Как конвертировать R Markdown в HTML? То есть, что делает "вязать HTML" в Rstudio 0.96?
какие команды выполняются при нажатии кнопки "вязать HTML" в файле R Markdown в Rstudio 0.96?
моя мотивация заключается в том, что я могу запустить ту же команду, когда я нахожусь в другой среде редактирования текста, или я могу объединить команду в большую makefile
.
4 ответа:
поставить
Sys.sleep(30)
в куске, и вы ясно увидите, какие команды вызываются RStudio. В основном они
library(knitr); knit()
чтобы получить файл markdown;- RStudio имеет внутренние функции для преобразования markdown в HTML;
второй шаг будет более прозрачным в следующей версии
markdown
пакета. В настоящее время вы можете использоватьknitr::knit2html('your_file.Rmd')

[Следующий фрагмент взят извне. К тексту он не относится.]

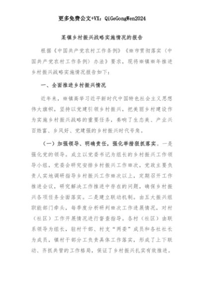 【七哥公文】2025年:某镇乡村振兴战略实施情况的报告+更多免费公文+VX:QiGeGongWen2024+更多免费公文+VX:QiGeGongWen2024
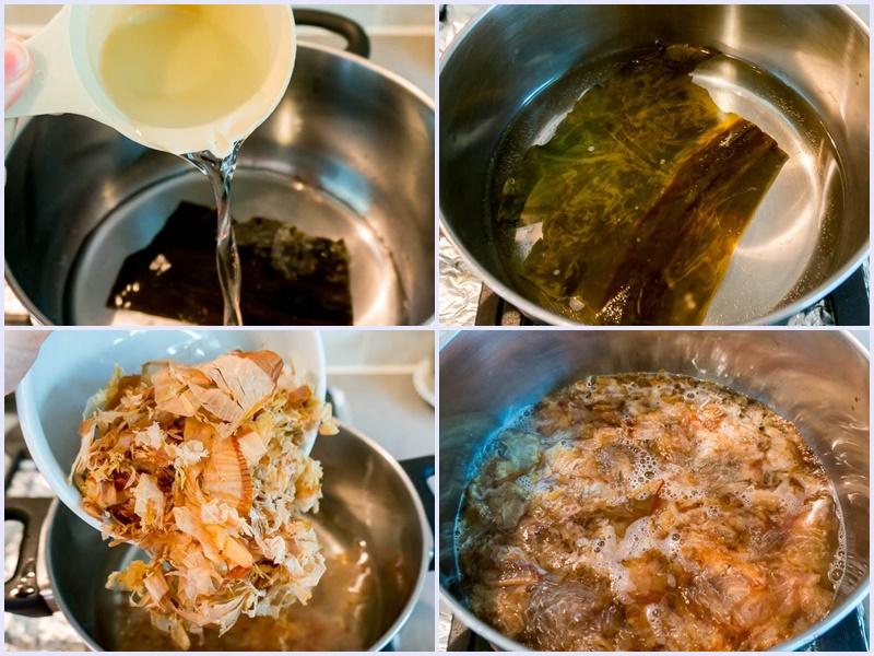 Tảo bẹ Kombu, cá ngừ bào Katsuobushi;
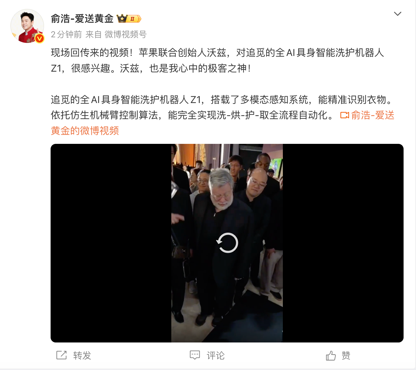 凤凰网科技讯 4月30日,追觅科技创始人兼CEO俞浩发文表示,苹果联合创始人史蒂夫·沃兹尼亚克对追觅全AI具身智能洗护机器人Z1,很感兴趣。根据介绍,追觅智能洗护机器人Z1搭载了多模态感知系统,能精准识别衣物。依托仿生机械臂控制算法,能完全实现洗-烘-护-取全流程自动化。
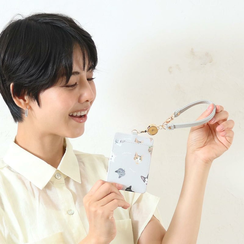 使いやすいリール仕様でクリア窓付ポケットとカードが1枚入るポケットがついてます。ストラップは外せるのでバッグの持ち手など好きな場所に取り付けられます。ネコ好きな方へのプレゼントにもおすすめです。
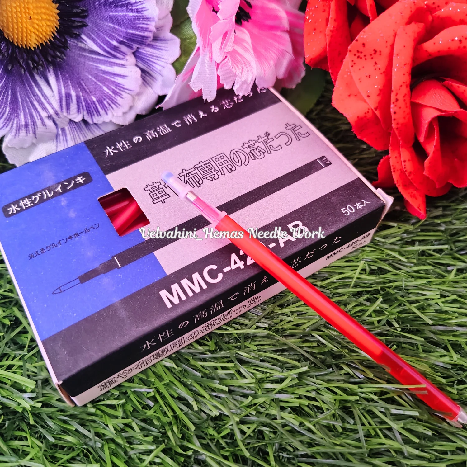 Heat erasable pen is used for temporary fabric marking in tailoring, embroidery, and aari work.
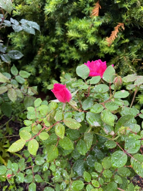 A sight for sore eyes: raindrops on roses. Hope you have a beautiful season with your garden in.
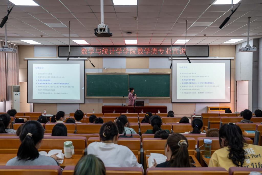 数学与统计学学院专业的宣讲以专业宣讲与导师答疑相结合的模式展开,旨在解答学生面临专业分流问题时的困惑,使学生对各细分专业的竞赛、考研、就业前景有更好了解。各位老师在宣讲和答疑过程中对各细分专业进行了介绍,包括专业必备专业素养、专业课程体系、学院合作企业、学科竞赛几大方面。刘展表示应用统计专业侧重培养学生将统计学分析原理、技术应用于国民经济发展的能力。付敬辉则告诉学生信息与计算科学专业更注重数学基础强化及学科交叉运用的能力,为学生专业选择提供参考。几位老师均强调了数学竞赛对各细分专业的重要性并着重介绍了大学生数学竞赛这一赛事对保研、就业、专业素养提升具有重要作用。
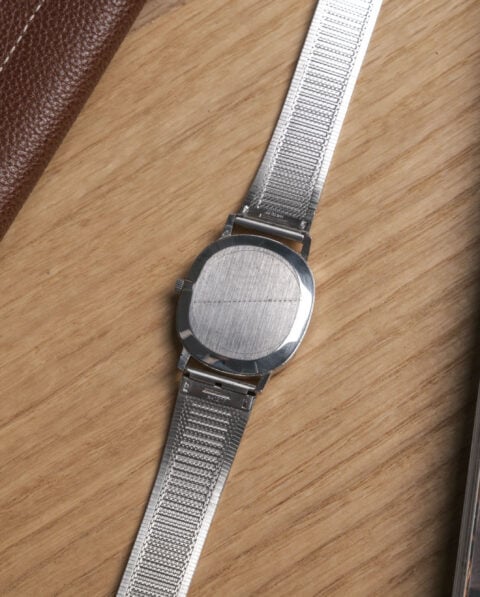 On remarque cette montre Tissot grâce à son très beau et important boitier typique des années 1970, accompagné d’un mouvement de chronographe avec totalisateur des minutes par aiguille centrale à extrémité de flèche, qui n’est autre qu’un calibre Lemania 1343.
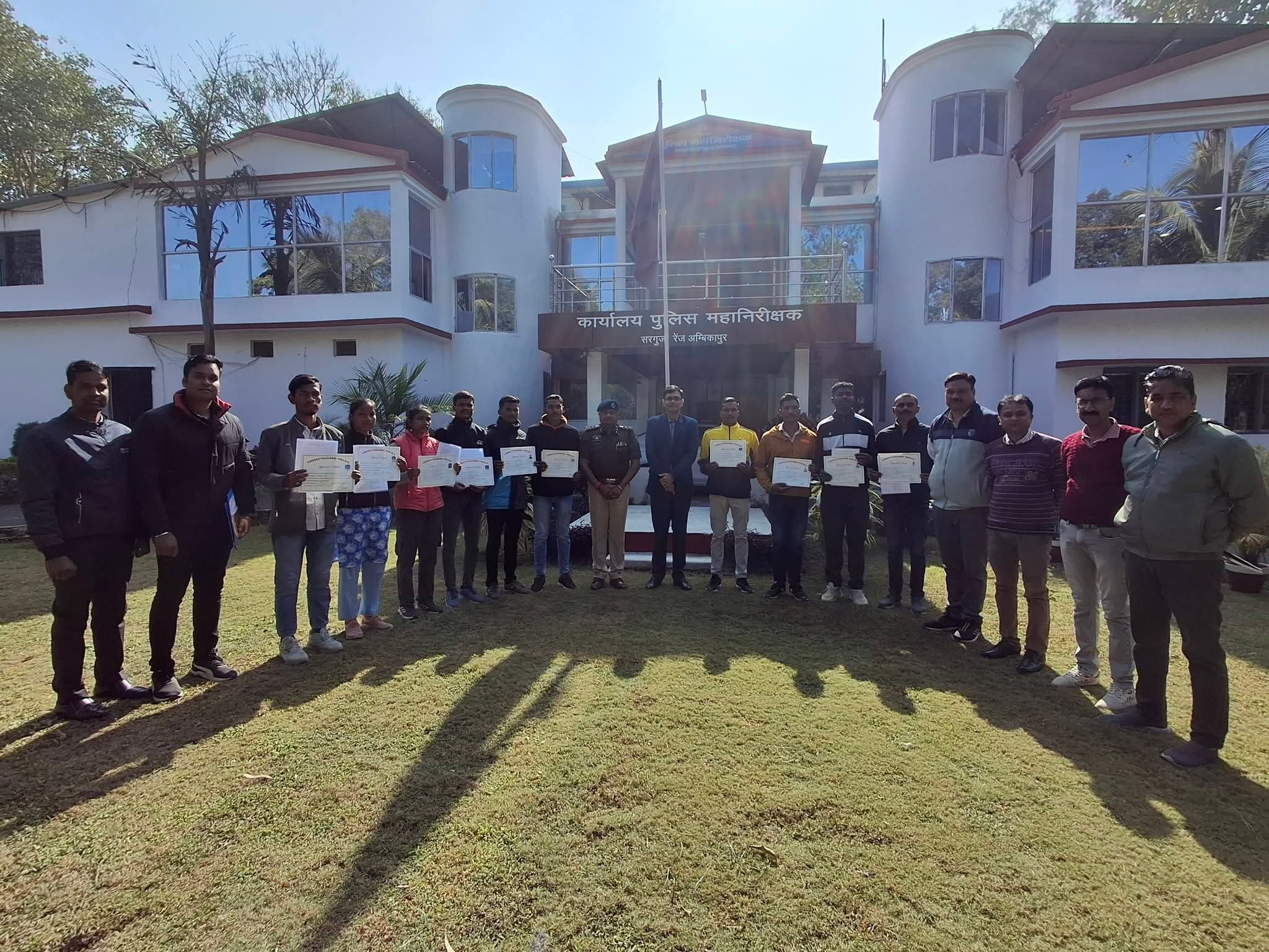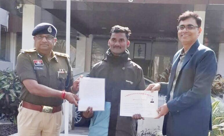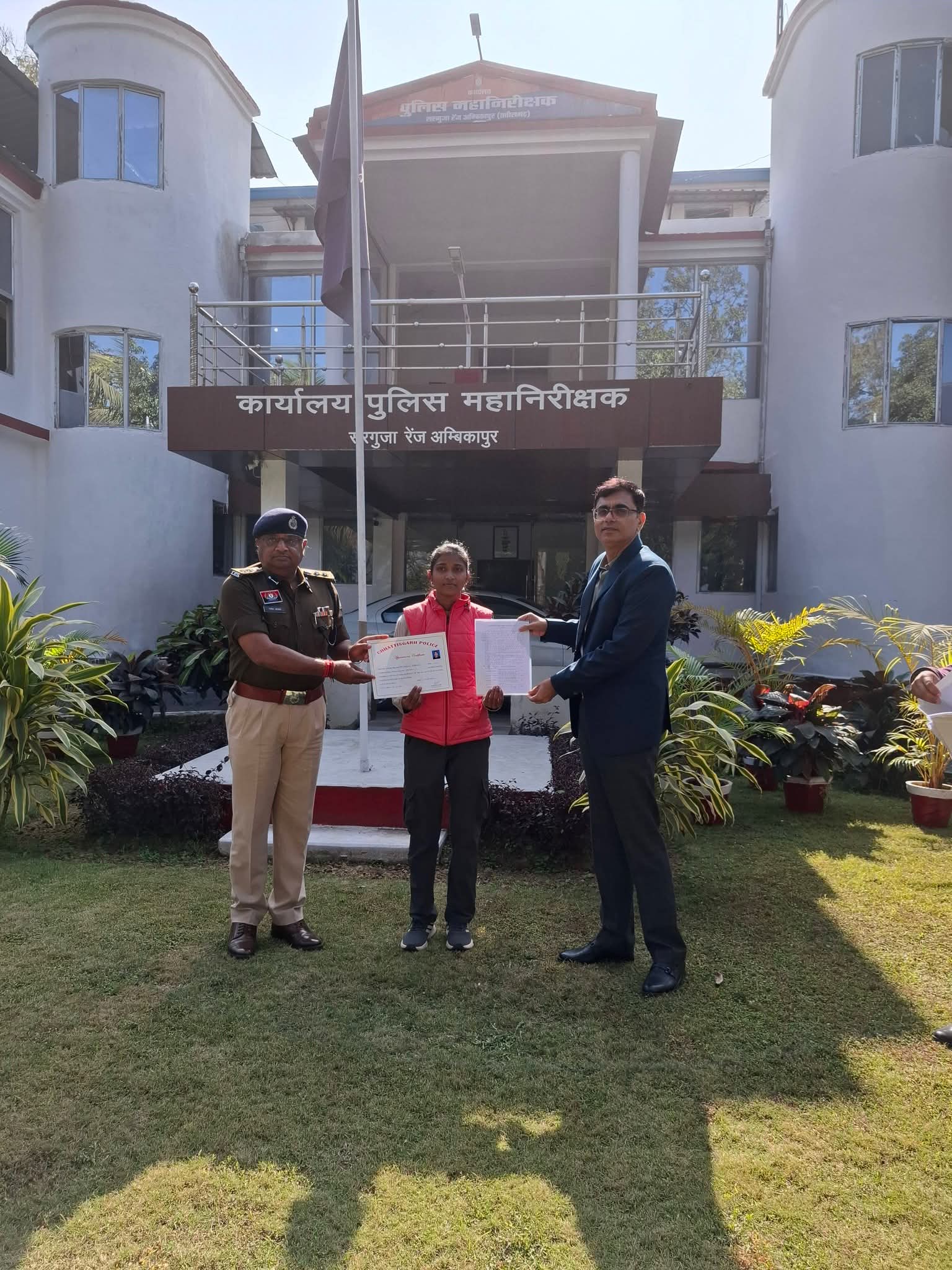 अंबिकापुर। जिला पुलिस आरक्षक संवर्ग भर्ती प्रक्रिया वर्ष 2023-2024 में चयनित 10 अभ्यर्थियों ने आज दिनांक 20/12/2025 को जिला पुलिस बल सरगुजा में आरक्षक जी. डी. के पद पर आमद दर्ज कराई। चयनित अभ्यार्थियों को पुलिस महानिरीक्षक सरगुजा रेंज श्री दीपक कुमार झा IPS एवं वरिष्ठ पुलिस अधीक्षक सरगुजा श्री राजेश अग्रवाल IPS द्वारा नियुक्ति आदेश एवं नियुक्ति प्रमाण पत्र देकर सभी 10 अभ्यार्थियों का पुलिस जिला बल में अपनी सेवाएँ देने के लिए शुभकामनाएँ दी।
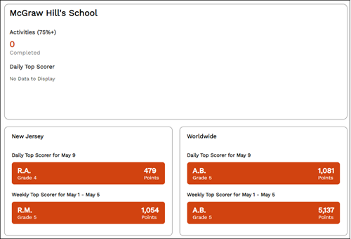 The highest-scoring classes within the school are reported daily, while the state/territory and worldwide highest scorers are reported both daily and weekly. This portion of the Student Scoreboard will also show the student how many lessons they have completed with a first-try score of 75% or higher during this current school year.
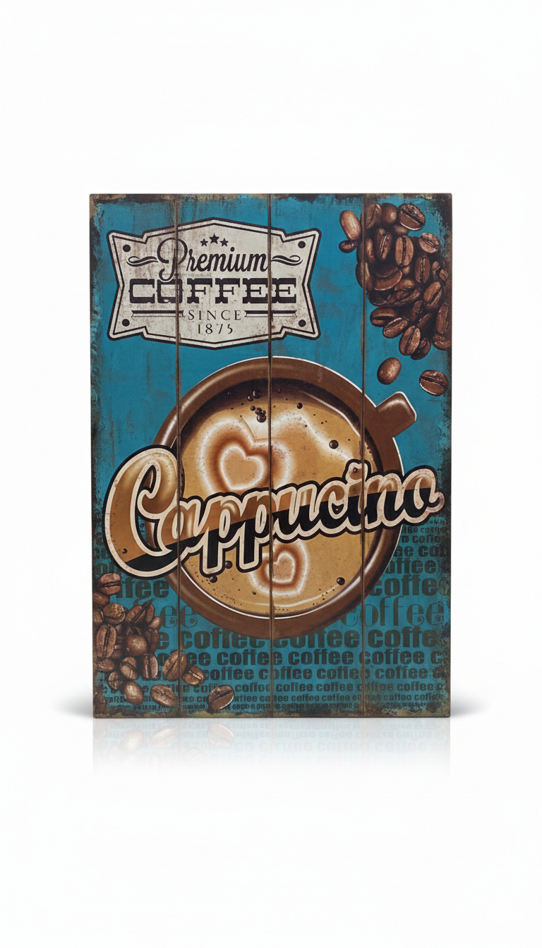 Premium Coffee Since 1875 decorative wooden plaque showcasing a high-definition cappuccino cup with heart-shaped latte art against a teal wood-panel background. This vertical wall art is crafted from sturdy wood particle board or MDF, designed to evoke a nostalgic “old world” coffee shop atmosphere. Ideal for home coffee bars, kitchens, or professional bistros.
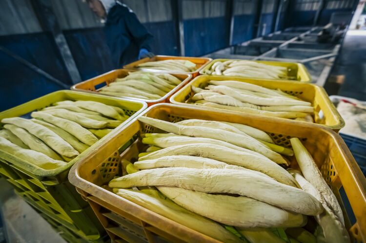 取材日にキムラ漬物宮崎工業に届いただいこん。農家が「大根やぐら」というところで天日干しをしてから納品する。今年は天候に恵まれ、よいだいこんが収穫できたそうだ
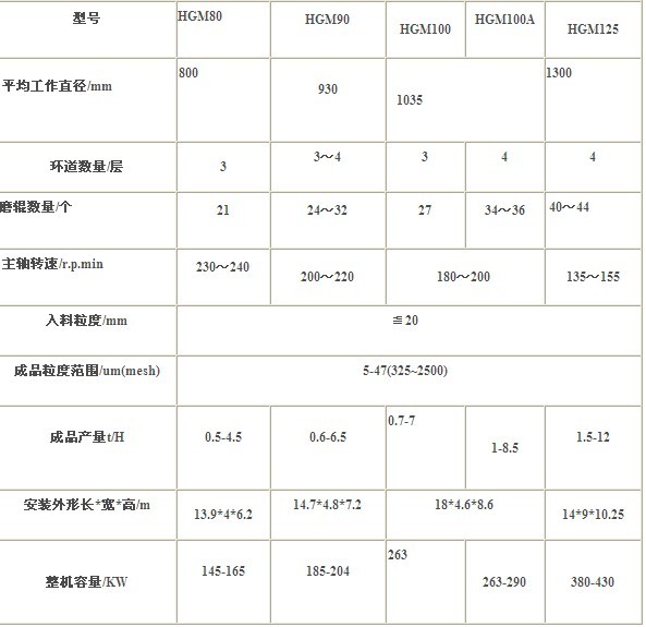 HGM三環(huán)中速超細磨粉機:加工細度在325-3000目之間(細度可以任意調(diào)節(jié))。
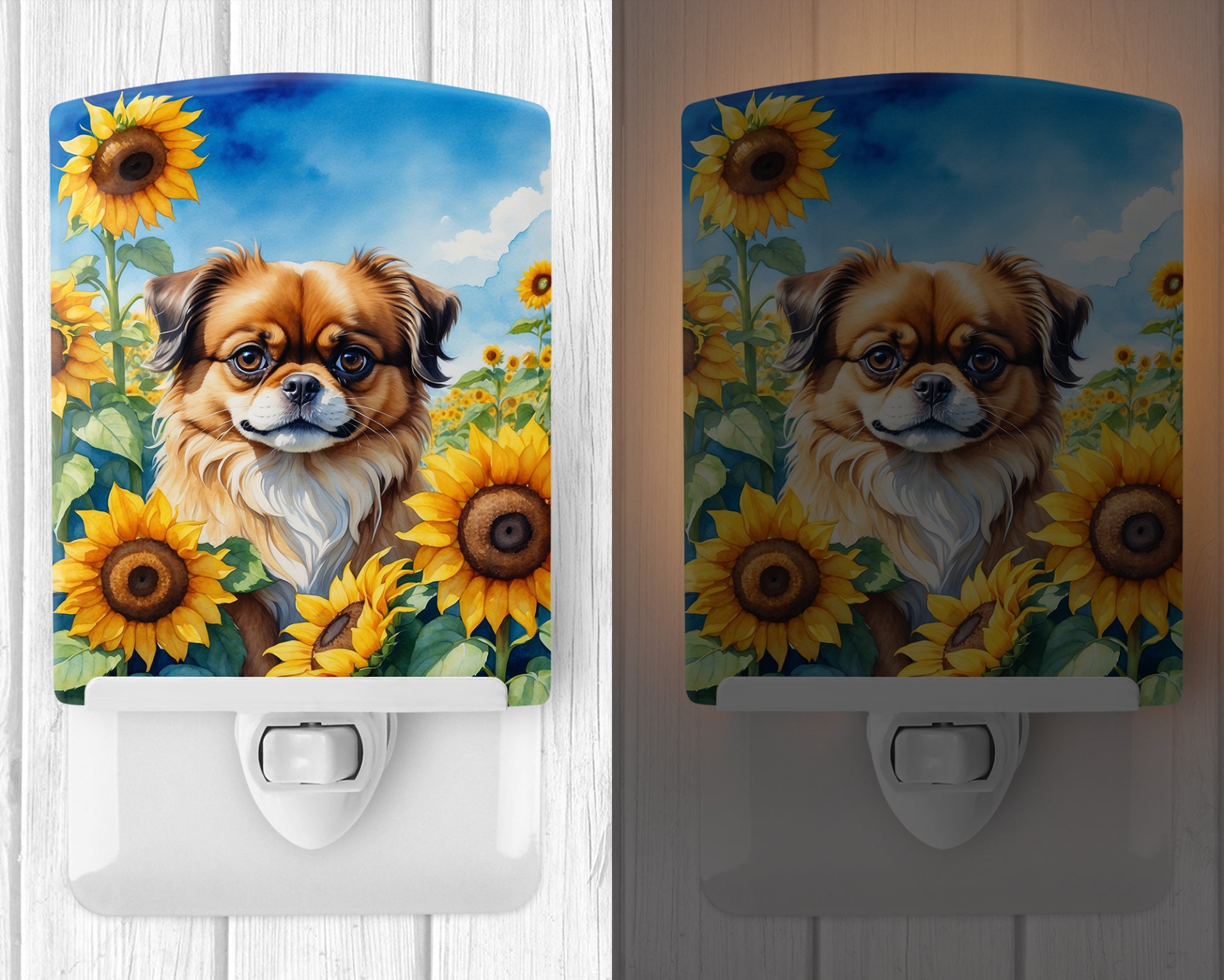 Tibetan Spaniel in Sunflowers Ceramic Night Light
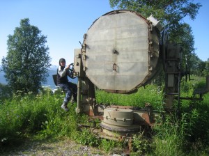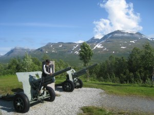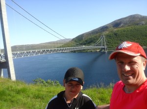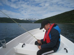 Seuraavaksi jatkoimme Altaan, jossa muinaisia kalliopiirroksia ym. esittelevä Alta-museo on käymisen arvoinen paikka. Kåfjordissa bongasimme myös Tirpitz-museon ulkoa päin. Silti saimme pihallakin tästä irti yllättävän paljon ja kävin kuvaamassa vuonon rannalta, jossa pari kalastajaa kalastivat kovassa virtauksessa. Kävin uimassa Alattionvuonossa ja Alattionjoessa. Jatkoimme E6-rantatietä eteenpäin ja seuraava virstanpylväs oli Bufjordin pikkukylä pienen lahden pohjukassa. Tämä lahti muodostaa ns. sivuvuonon Kvaenangenin vuonolle. Tien vieressä oli karavanaareiden pysähtymis / yöpymispaikka ja vesipiste ja pienvenesatama. Huoltoasema ja kauppa oli tosin myös. Päätimme pystyttää illan tullen teltan veneenlaskupaikan viereen. Rannalla oli jokin rakennus, jonka edessä oli sopivasti pieni pöytä ja kaksi tuolia. Siinä söimme aamiaista seuraavana aamuna 10.7. Lopettelimme syömistä kun mökkiläinen tuli siivoamaan rakennusta ja kysyin pihalla olevasta kanootista olisiko sitä voinut lainata. Tämä oli hänen ystävänsä, joten ei valitettavasti onnistunut mutta norjalainen mies huikkasi heti perääni että jos viitsisin auttaa häntä veneen vesille laskemisessa niin hän lainaisi meille kalastusvehkeet ja veneen niin voisimme kokeilla kalastusta. Ei tarvinnut kauan miettiä suunnitelmien muuttamista tällaisen tarjouksen tullessa. Päätimme viettää tämän päivän kalastuksen parissa. Kiskoimme veneen ulos varastorakennuksesta ja nostimme Arnt-Eirikin veneen trailerin päälle. Kiinnitimme trailerin autoni perään ja ajoin vastapäiselle huoltikselle. Trailerin renkaat pumpattiin täyteen ilmaa ja tulimme takaisin rantaan. Veneen lasku rampilta onnistui yllävänkin helposti ja teimme koeajon jolla varmistimme Mercuryn toimivuuden. Arnt-Eirik jäi rantaan kun lähdin Juliuksen kanssa kiertämään lahtea. Meillä oli virveli ja pohjaan laskettava siima, jolla oli tarkoitus saada ne (tosi) isot vonkaleet. Ehdimme vetää vain hetken siimoja, kun Juliuksen laskeman virvelin siimaan tuntui nykäisy. En ollut uskoa todeksi että näin nopeasti olisi tärppi. Tunnustelin ja tunsin että kala oli kiinni. Meillä ei tietysti ollut virveliä mukana, toivoin että kala olisi kunnolla kiinni. En ollut koskaan ennen itsekään kalastanut ulkomailla, joten tämä oli jännä ja hauska kokemus. Tunsin kalan nykivän päässä ja lopulta kauniin ruskea turska tuli pintaan. Sain tämän onneksi hyvin käsillä ylös veneeseen. Juhlahetki! 😀 Tämä oli ehdottomasti retken mieleenpainuvimpia kohokohtia. Kiersimme vielä koko lahden ympäri huolellisesti siltä varalta tulisiko lisää tärppejä mutta ei tullut. Tämä turska oli kuitenkin enemmän kuin tarpeeksi. Arnt-Eirik puntaroi turskan aika tarkkaan kilon painoiseksi ja perkasi kalan nopeasti rannalla. Kala viipaloitiin muutamaksi palaksi fileerausveitsellä, ripaus suolaa ja kiehumaan kattilaan. Perunoita ja norjalaista voita palan painikkeeksi. Oli suussa sulavan hyvän makuista;) Illalla lähdimme jatkamaan matkaa, suurkiitokset vielä Arnt-Eirikille, ystävälliselle norjalaiselle tästä mahdollisuudesta 🙂

чтобы получить аналогичный HTML-файл, как RStudio дает вам.
Базовый Скрипт
так что теперь R
markdown
пакет был выпущен, вот некоторый код для репликации функций Вязания в Html.require(knitr) # required for knitting from rmd to md require(markdown) # required for md to html knit('test.rmd', 'test.md') # creates md file markdownToHTML('test.md', 'test.html') # creates html file browseURL(paste('file://', file.path(getwd(),'test.html'), sep='')) # open file in browser
здесь
test.rmd
- это имя вашего файла R markdown. Обратите внимание, что я не уверен на 100% в строке browseURL (поэтому мой вопрос здесь о открытие файлов в веб-браузере).markdownToHTML Options
хорошая вещь о
markdownToHTML
это есть куча вариантов в том, как создается HTML - (см.?markdownHTMLOptions
). Так, например, если вы хотите просто фрагмент кода, без заголовка, вы могли бы написать:markdownToHTML('test.md', 'test.html', options='fragment_only')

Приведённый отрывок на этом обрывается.